- Task -
Reproduce only the lines below from the line containing "you control. |" to the line containing "You should now", exactly as written, with both end lines kept. Omit the pictures.

- Extracted data -
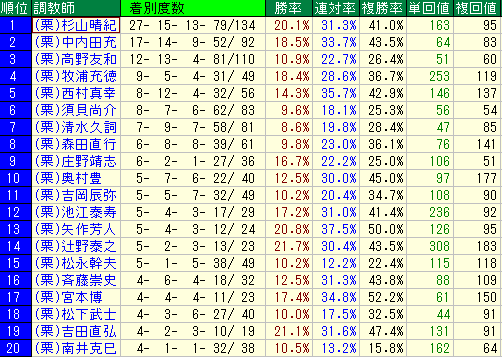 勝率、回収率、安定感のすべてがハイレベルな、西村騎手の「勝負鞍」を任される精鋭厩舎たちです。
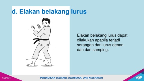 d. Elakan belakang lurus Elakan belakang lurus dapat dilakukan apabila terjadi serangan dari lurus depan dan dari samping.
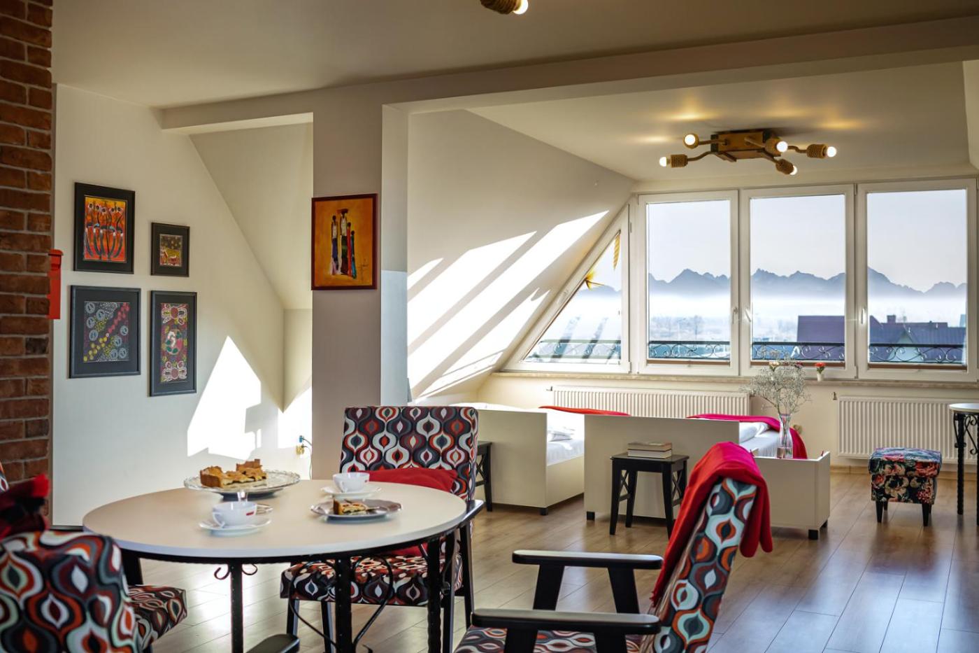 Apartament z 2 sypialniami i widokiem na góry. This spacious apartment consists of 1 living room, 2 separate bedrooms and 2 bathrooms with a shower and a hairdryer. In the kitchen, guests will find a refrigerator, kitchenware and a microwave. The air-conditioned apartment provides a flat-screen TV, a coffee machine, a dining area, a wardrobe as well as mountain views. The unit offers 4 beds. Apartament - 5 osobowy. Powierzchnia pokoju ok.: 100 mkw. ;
...
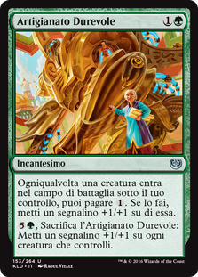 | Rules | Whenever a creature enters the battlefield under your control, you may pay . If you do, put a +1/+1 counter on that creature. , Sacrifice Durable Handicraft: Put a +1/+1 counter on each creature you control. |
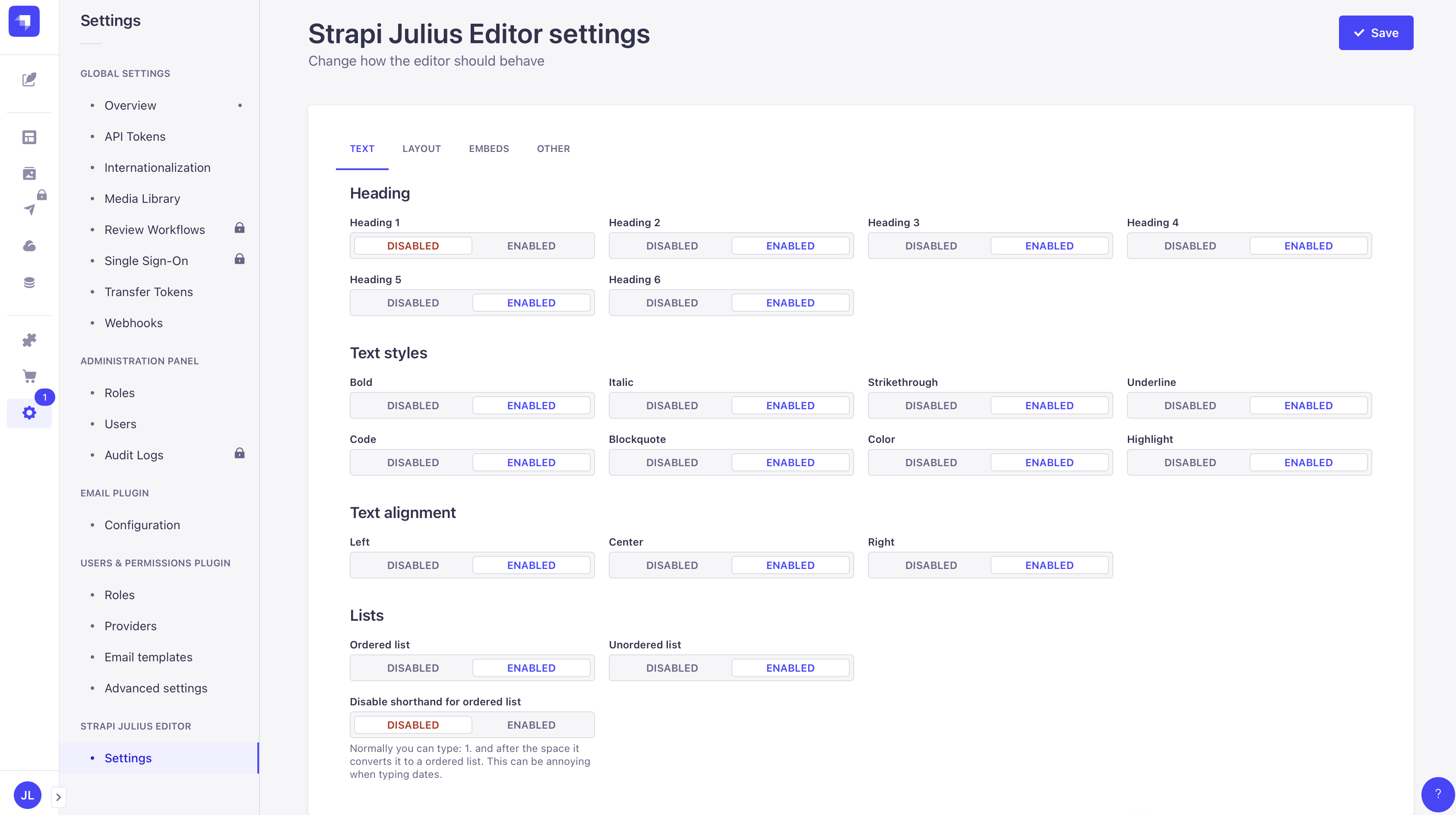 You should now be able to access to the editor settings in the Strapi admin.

- Result -
 | Rules | Whenever a creature enters the battlefield under your control, you may pay . If you do, put a +1/+1 counter on that creature. , Sacrifice Durable Handicraft: Put a +1/+1 counter on each creature you control. |
 You should now be able to access to the editor settings in the Strapi admin.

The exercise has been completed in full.